Thesis #8 This complex genomic foundation for adaptation in turn produces a still more complex network of interacting molecules that sustain survival, health, fertility, and function.
Arising from the genetic complexity of healthy function is a still more complex set of interacting products of DNA sequences: all the RNAs transcribed from DNA and all the proteins that are made from RNAs. These in turn interact with each other, with other molecules that make up cells, and even with the DNA from whence they came.
So the genomic complexity of the DNA that underlies health is just the simplest dimension of healthy function. What is erected from the linear strands of DNA that make up our genomes is three-dimensional, and teeming with a fury of interactions. Many of these interactions happen quickly, while others proceed only slowly. But this network is all in motion and in interaction.
It has been the long-standing, indeed hubristic, conceit of molecular and reductionist biology that this vast three-dimensional matrix of furiously interacting gene-products can be understood using such simple linear paradigms as their concept of pathways.
It is indeed correct that there are some major channels that weave their way through the hurly-burly within cells, and among cells within organisms. But focusing solely on these major channels of biological causation would be like an attempt to understand the population and economy of Los Angeles in terms of its interstate freeways alone. Yes, cutting these freeways, or diverting them wholesale, has a major impact on the economy of the Southern California conurbation. But determining the impact of such wholesale disruptions is very different from a satisfactory analysis of the complexity of this urban region’s economy.

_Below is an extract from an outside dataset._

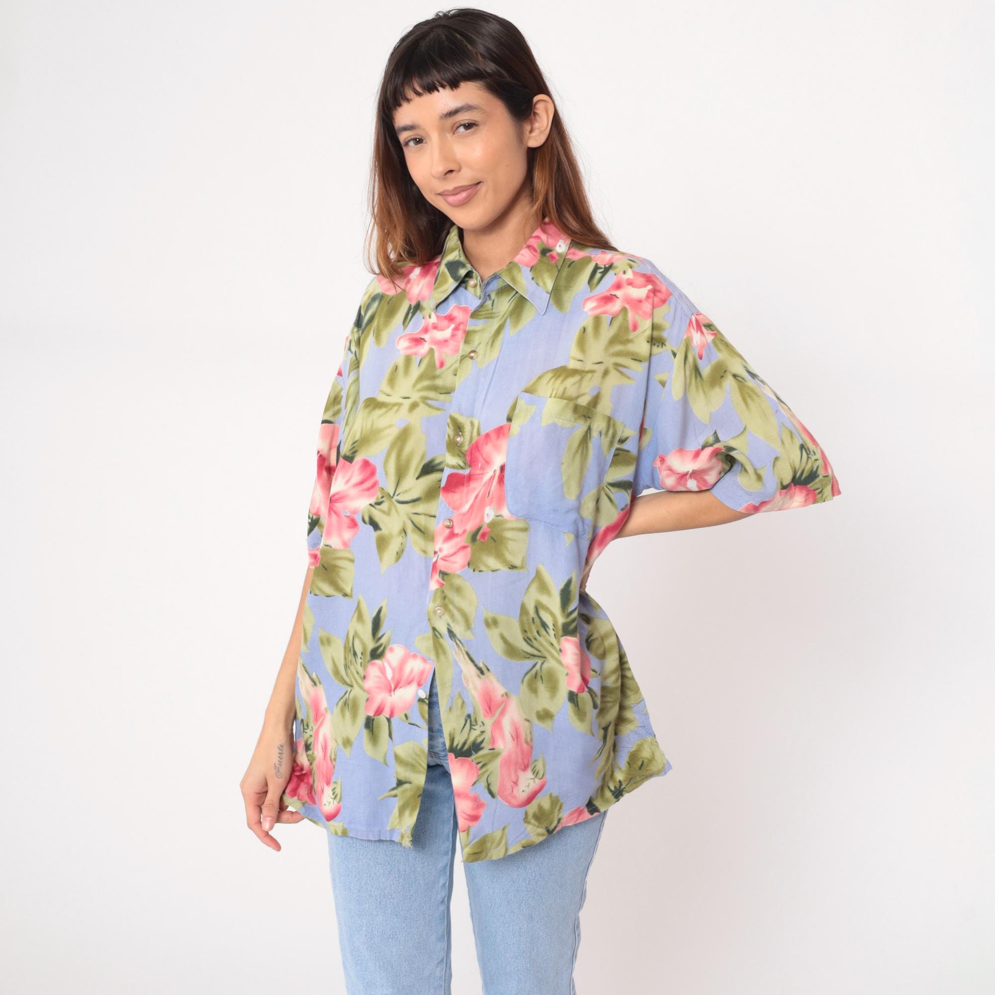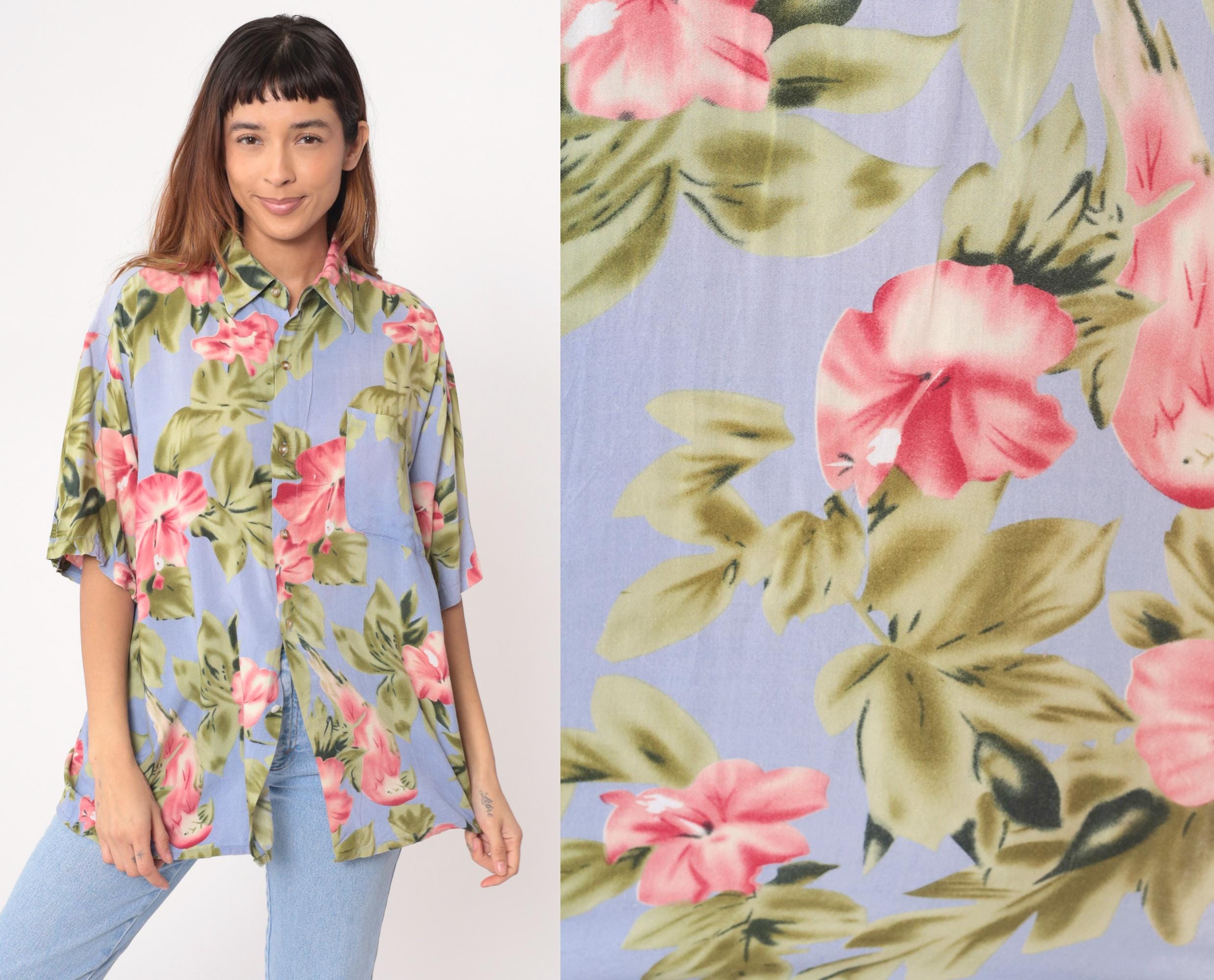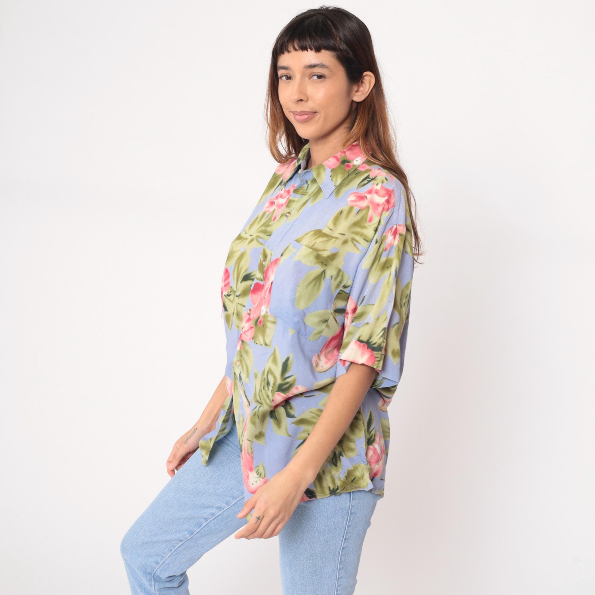 Y2K short sleeve button-up shirt from everest collection with all-over floral print in pink flowers and olive green leaves on a light blue background. Pointed collar, white button front closure, and short sleeves with a relaxed, relaxed fit.
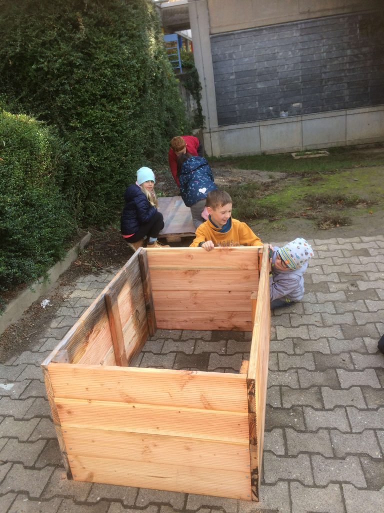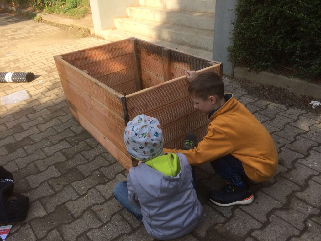 Von fleißigen Drittklässlern wurde so in dieser Oktoberwoche erst alles an den vorgesehenen Platz getragen, dann aufgebaut. Wer wollte durfte selbst die Löcher vorbohren und die Schrauben mit dem Akkuschrauber festziehen. Nach 1,5 Stunden Teamwork stand das Hochbeet!

Thus, in developing a useful understanding of this complex three-dimensional web of cellular and organismal function, we need to use conceptual tools that are adequate to the task. Unfortunately, the reductionist toolkit of traditional 20th Century molecular and cell biology simply is not adequate, in strictly scientific terms. It isn’t just crude and mechanical. It is wrong.
Instead, we must look to such open-ended intellectual tools as population genetics, quantitative genetics, and systems biology to make sense of the explosive complexity of biological function. And such tools are inherently mathematical and computational.